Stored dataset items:
- - -

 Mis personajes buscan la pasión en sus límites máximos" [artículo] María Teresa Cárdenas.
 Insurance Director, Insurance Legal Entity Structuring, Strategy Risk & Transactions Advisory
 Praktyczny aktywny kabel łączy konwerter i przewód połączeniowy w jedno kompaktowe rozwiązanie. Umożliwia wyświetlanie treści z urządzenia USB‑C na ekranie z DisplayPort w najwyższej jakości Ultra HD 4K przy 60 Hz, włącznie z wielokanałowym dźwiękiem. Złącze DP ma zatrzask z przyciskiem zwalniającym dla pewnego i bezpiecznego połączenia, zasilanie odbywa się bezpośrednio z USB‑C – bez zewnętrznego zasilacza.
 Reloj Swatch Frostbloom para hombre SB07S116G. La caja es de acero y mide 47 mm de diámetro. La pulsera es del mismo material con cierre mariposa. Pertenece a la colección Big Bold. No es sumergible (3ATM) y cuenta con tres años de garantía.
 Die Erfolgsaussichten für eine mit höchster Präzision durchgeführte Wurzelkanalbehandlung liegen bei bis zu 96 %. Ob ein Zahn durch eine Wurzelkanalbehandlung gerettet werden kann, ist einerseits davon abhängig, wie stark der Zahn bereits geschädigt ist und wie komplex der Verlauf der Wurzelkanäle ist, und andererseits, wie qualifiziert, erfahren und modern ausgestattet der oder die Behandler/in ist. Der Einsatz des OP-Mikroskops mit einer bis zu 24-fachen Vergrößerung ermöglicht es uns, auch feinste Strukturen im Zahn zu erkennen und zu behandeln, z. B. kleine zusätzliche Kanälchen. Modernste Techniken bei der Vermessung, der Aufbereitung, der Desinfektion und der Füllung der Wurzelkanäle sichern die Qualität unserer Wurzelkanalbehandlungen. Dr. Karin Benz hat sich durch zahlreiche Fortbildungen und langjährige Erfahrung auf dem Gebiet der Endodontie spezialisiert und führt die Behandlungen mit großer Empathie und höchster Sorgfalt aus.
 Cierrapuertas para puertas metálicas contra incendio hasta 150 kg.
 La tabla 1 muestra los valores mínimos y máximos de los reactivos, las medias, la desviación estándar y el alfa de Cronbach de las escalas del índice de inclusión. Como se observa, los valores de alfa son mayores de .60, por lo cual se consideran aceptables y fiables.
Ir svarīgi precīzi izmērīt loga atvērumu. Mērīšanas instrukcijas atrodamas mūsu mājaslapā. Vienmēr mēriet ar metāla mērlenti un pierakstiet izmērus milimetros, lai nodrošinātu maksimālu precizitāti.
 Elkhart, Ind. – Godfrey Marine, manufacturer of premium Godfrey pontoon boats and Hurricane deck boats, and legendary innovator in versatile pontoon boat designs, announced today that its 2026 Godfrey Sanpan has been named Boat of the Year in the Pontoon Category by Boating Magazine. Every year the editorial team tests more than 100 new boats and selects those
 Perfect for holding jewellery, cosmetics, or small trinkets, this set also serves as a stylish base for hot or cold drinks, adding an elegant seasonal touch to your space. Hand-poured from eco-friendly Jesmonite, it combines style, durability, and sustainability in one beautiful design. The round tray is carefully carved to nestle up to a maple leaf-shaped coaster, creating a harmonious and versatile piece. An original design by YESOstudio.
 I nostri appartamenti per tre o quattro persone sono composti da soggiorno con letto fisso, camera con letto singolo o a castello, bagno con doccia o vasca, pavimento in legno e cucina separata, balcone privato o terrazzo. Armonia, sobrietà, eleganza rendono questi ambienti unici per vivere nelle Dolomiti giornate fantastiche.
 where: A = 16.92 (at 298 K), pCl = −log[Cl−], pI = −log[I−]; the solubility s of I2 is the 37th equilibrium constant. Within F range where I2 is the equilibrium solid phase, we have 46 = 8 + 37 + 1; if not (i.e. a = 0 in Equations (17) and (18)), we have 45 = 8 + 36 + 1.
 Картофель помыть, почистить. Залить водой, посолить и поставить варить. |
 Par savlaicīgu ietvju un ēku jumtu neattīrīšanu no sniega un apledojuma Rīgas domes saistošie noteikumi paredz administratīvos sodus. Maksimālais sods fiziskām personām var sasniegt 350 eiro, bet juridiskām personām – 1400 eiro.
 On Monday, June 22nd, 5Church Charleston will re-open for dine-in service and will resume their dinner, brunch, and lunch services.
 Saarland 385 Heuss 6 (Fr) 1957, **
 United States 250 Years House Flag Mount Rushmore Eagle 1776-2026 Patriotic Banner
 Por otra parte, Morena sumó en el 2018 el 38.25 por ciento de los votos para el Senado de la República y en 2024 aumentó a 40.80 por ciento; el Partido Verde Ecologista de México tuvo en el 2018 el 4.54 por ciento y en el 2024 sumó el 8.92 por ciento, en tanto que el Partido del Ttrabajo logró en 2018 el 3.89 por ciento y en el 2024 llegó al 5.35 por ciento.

- - -

Your goal:
Starting at the line above that contains "Ir svarīgi precīzi", write out each line exactly until the line that contains "Elkhart, Ind. –" has been written, and stop there.

Your response:
Ir svarīgi precīzi izmērīt loga atvērumu. Mērīšanas instrukcijas atrodamas mūsu mājaslapā. Vienmēr mēriet ar metāla mērlenti un pierakstiet izmērus milimetros, lai nodrošinātu maksimālu precizitāti.
 Elkhart, Ind. – Godfrey Marine, manufacturer of premium Godfrey pontoon boats and Hurricane deck boats, and legendary innovator in versatile pontoon boat designs, announced today that its 2026 Godfrey Sanpan has been named Boat of the Year in the Pontoon Category by Boating Magazine. Every year the editorial team tests more than 100 new boats and selects those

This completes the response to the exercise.